* [Exercise description]:
Copy, word for word, the lines of the entries below between the one with "Red & Gold Finish" and the one with "Sitio web autoadministrable", inclusive, and leave out everything else.

* [The records]:
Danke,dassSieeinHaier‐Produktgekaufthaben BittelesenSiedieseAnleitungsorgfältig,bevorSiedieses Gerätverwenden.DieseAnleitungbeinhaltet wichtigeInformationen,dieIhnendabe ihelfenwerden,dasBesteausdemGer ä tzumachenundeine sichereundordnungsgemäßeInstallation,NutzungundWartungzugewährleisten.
* * *
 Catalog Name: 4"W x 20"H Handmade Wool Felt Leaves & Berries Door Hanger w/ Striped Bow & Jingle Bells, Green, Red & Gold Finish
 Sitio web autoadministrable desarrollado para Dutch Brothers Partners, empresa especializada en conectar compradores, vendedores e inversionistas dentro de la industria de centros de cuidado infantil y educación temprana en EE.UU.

* [Answer box]:
 Catalog Name: 4"W x 20"H Handmade Wool Felt Leaves & Berries Door Hanger w/ Striped Bow & Jingle Bells, Green, Red & Gold Finish
 Sitio web autoadministrable desarrollado para Dutch Brothers Partners, empresa especializada en conectar compradores, vendedores e inversionistas dentro de la industria de centros de cuidado infantil y educación temprana en EE.UU.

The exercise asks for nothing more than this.